- _Exercise goal_: Your copy should start at the line with "MAYJAM - Juego" and end at the line with "3. 【C6727】美式復古簡約雙大口袋闊腿工裝寬鬆休閒百搭中性休閒褲" in the data below. Transcribe only those lines, exactly, pictures excluded.

- _Input_:
+ + +

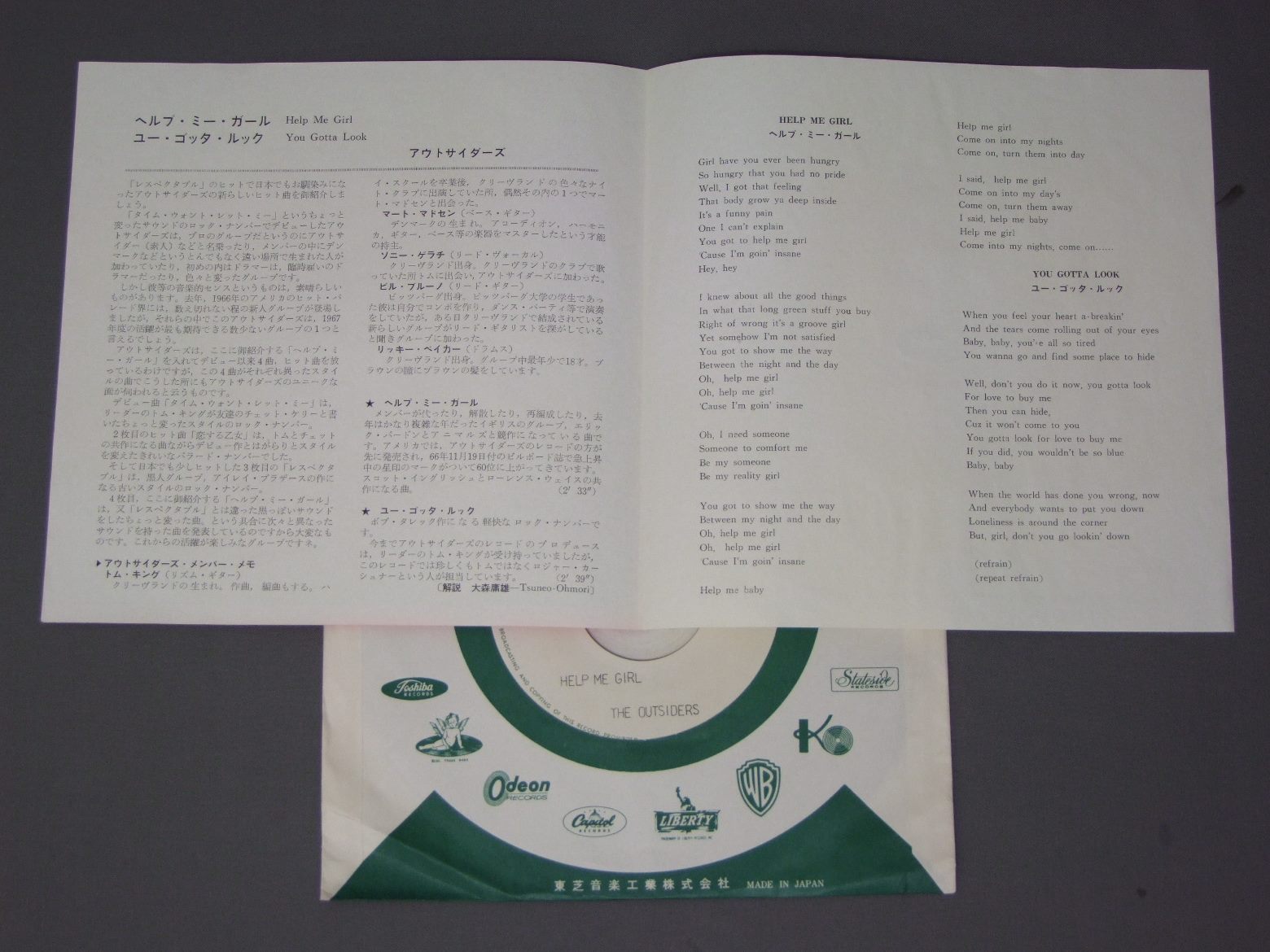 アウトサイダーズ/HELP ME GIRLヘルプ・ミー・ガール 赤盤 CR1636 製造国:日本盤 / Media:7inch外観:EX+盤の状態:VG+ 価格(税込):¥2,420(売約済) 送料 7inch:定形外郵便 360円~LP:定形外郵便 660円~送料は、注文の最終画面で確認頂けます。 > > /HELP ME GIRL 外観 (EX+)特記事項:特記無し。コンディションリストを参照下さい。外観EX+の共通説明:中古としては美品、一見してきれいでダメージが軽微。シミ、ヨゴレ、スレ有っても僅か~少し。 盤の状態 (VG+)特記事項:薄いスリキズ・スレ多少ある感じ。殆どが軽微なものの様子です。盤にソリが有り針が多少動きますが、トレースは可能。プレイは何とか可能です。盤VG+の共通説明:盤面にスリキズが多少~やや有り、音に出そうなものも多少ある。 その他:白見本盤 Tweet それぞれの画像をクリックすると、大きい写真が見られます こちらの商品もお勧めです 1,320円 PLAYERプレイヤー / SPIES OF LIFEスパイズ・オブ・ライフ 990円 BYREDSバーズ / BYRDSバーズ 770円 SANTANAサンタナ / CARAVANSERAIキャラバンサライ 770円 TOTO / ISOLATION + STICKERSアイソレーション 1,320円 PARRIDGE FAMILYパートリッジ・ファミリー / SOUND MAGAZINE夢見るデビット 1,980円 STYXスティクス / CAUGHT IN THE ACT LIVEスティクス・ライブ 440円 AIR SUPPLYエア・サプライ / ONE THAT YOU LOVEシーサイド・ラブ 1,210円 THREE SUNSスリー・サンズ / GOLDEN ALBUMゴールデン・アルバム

+ + +

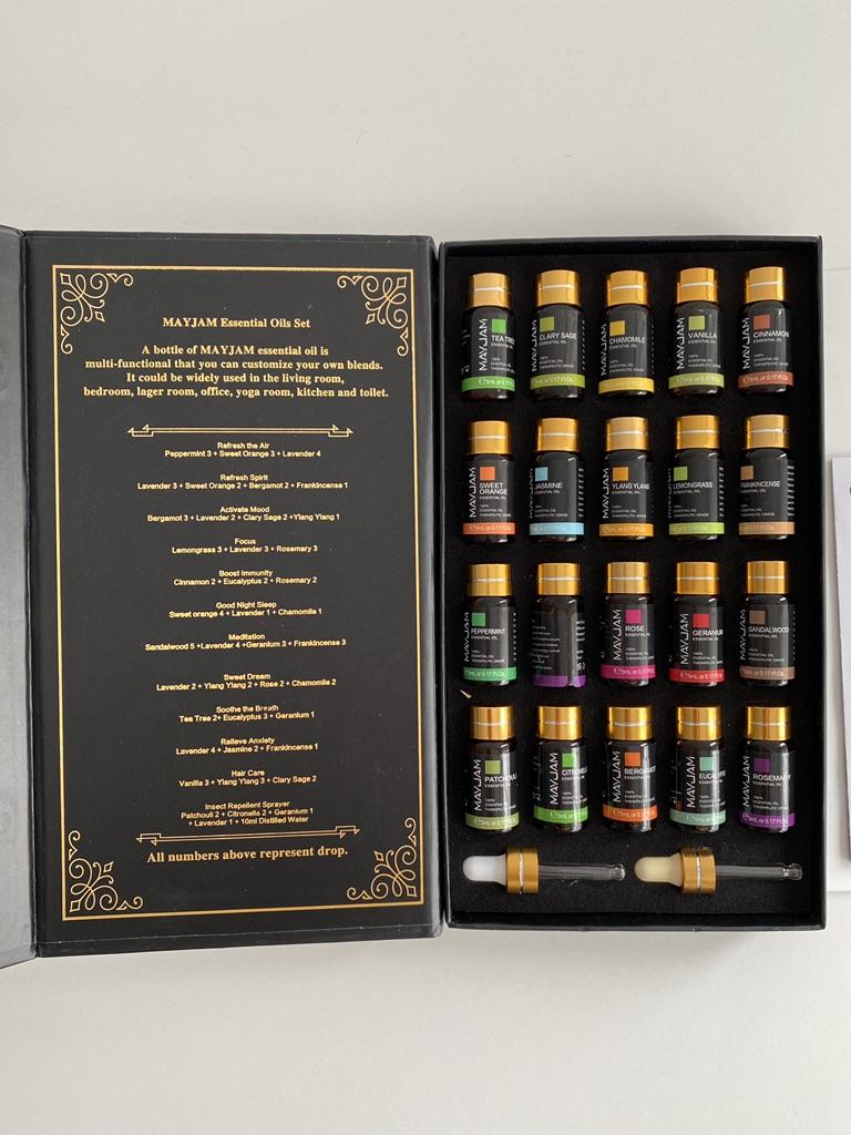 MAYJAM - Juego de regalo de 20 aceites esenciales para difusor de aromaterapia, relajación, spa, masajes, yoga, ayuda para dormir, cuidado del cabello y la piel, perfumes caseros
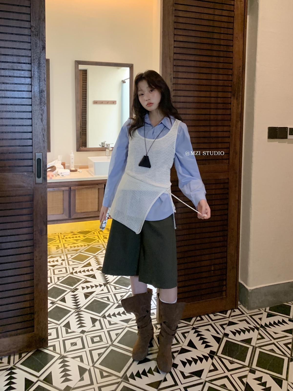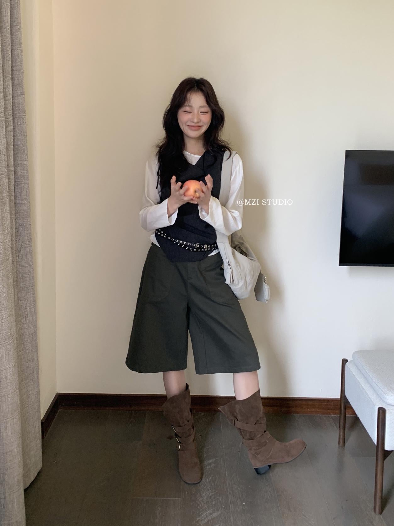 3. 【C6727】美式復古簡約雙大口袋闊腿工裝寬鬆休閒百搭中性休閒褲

+ + +

- _Completed task_:
 MAYJAM - Juego de regalo de 20 aceites esenciales para difusor de aromaterapia, relajación, spa, masajes, yoga, ayuda para dormir, cuidado del cabello y la piel, perfumes caseros
 3. 【C6727】美式復古簡約雙大口袋闊腿工裝寬鬆休閒百搭中性休閒褲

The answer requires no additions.